SOURCE DATA Block Start

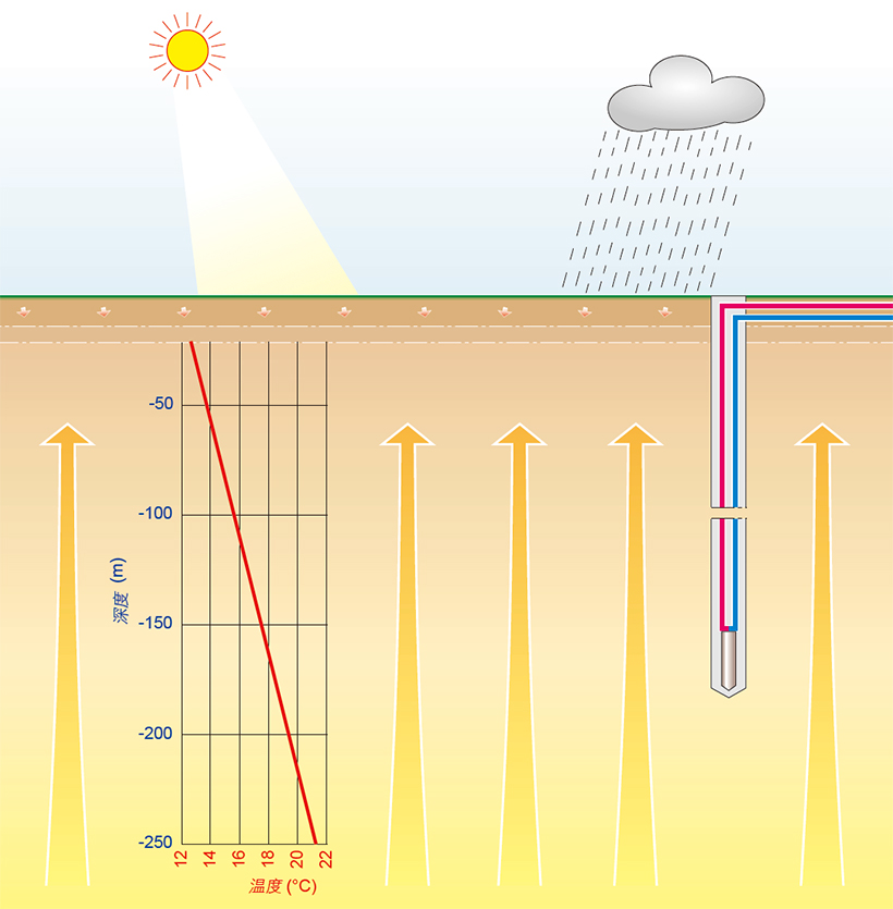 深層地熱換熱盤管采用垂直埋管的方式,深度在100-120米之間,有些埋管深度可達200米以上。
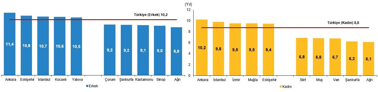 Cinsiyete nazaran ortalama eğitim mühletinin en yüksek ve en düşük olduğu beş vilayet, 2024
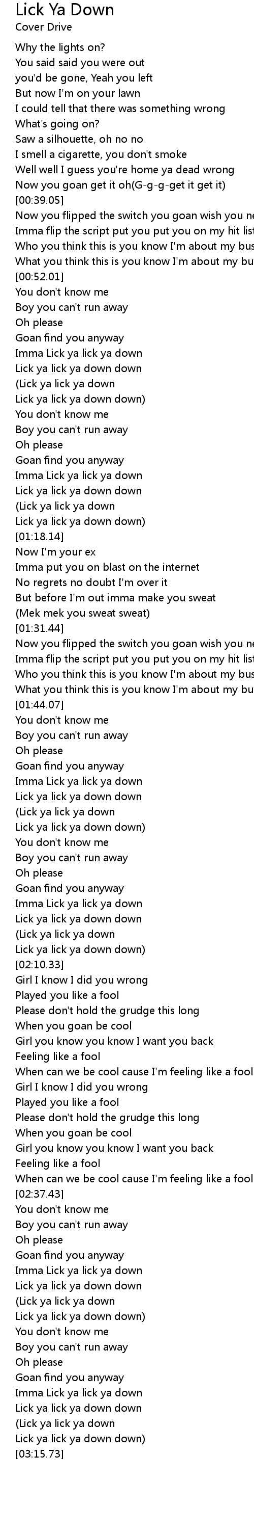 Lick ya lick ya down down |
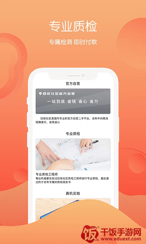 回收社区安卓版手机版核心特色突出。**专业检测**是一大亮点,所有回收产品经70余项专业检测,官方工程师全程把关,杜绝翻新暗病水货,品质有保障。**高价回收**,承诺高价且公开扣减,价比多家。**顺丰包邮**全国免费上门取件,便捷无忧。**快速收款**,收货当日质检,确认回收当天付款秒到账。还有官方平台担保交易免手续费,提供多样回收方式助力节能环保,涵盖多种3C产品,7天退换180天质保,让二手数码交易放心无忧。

SOURCE DATA Block End

Write the listing out exactly, word for word, but omit the pictures.

SOLUTION FOR THIS PROBLEM »
 深層地熱換熱盤管采用垂直埋管的方式,深度在100-120米之間,有些埋管深度可達200米以上。
 Cinsiyete nazaran ortalama eğitim mühletinin en yüksek ve en düşük olduğu beş vilayet, 2024
 Lick ya lick ya down down |
 回收社区安卓版手机版核心特色突出。**专业检测**是一大亮点,所有回收产品经70余项专业检测,官方工程师全程把关,杜绝翻新暗病水货,品质有保障。**高价回收**,承诺高价且公开扣减,价比多家。**顺丰包邮**全国免费上门取件,便捷无忧。**快速收款**,收货当日质检,确认回收当天付款秒到账。还有官方平台担保交易免手续费,提供多样回收方式助力节能环保,涵盖多种3C产品,7天退换180天质保,让二手数码交易放心无忧。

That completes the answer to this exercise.